Remix.run Logo
Sparrow: C++20 Idiomatic APIs for the Apache Arrow Columnar Format(github.com)
35 points by tanelpoder 7 days ago | 17 comments
levzettelin 3 days ago | parent | next [-]

  // You are responsible for releasing the structure in the end
  arrow_array.release(&arrow_array);
This doesn't look like RAII. How is this idiomatic for C++20? Why do you have to pass a pointer to "this" again as an explicit argument.
rfoo 3 days ago | parent | next [-]

This is the extracted Arrow C data interfaces as documented in https://arrow.apache.org/docs/format/CDataInterface.html

It's not how you interact with the data in your own C++ code, it's for passing this data to other in-process consumers (libraries etc). While in the example it calls the release function, this is usually just passed to a downstream consumer and it's their responsibility to call it.

I agree that having such an example as the first one is confusing. Given that a large part of the point of Apache Arrow is passing data columnar data between libraries in different languages in memory, it makes some sense.
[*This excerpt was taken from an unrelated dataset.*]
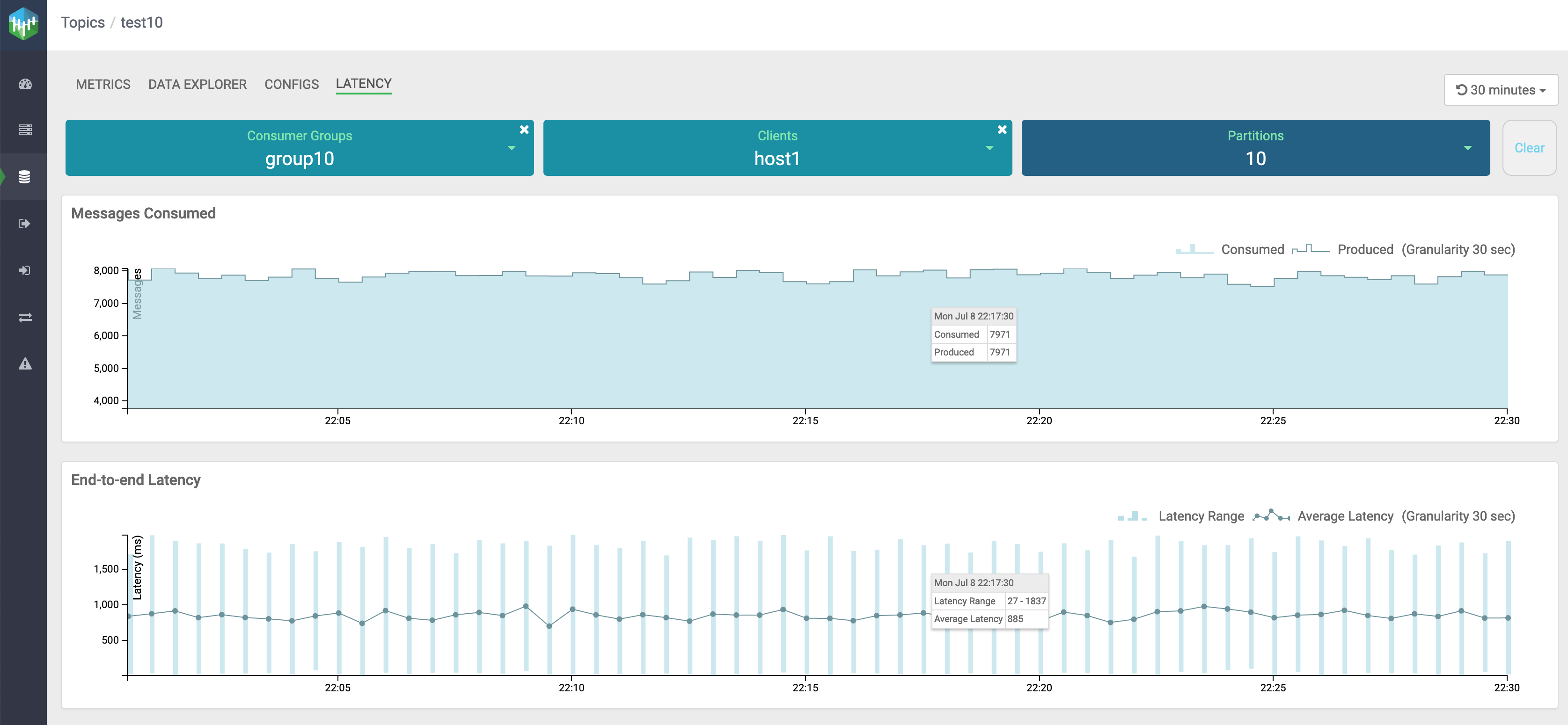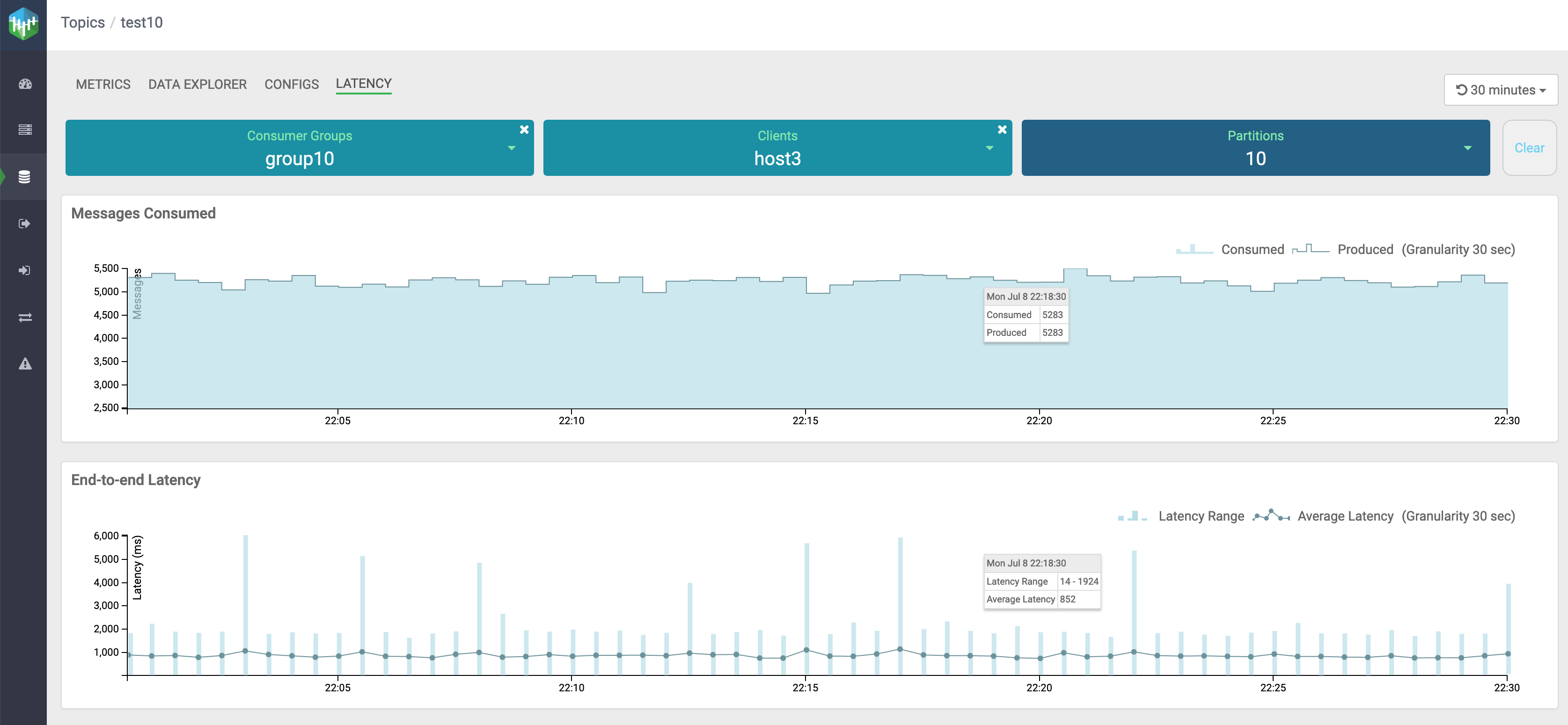 In the above image, you select group10 consumer group to inspect the latency and message counts for each client.

CyberDildonics 3 days ago | parent [-]

It's not how you interact with the data in your own C++ code, it's for passing this data to other in-process consumers (libraries etc). While in the example it calls the release function, this is usually just passed to a downstream consumer and it's their responsibility to call it.

This seems like a strange rationalizations when you don't need to have explicit release to be able to pass it to something else.

pjmlp 3 days ago | parent | prev [-]

RAII predates C++98, I was already used to it in Turbo C++ for MS-DOS, and is pity we need to keep advocating for it as something extraordinary.

ender341341 3 days ago | parent | next [-]

I think you're partly making the point for them, RAII has been idiomatic C++ since before c++ was standardized. It wasn't even idiomatic c++98 to be missing it, so to be missing it in c++20 library definitely still isn't.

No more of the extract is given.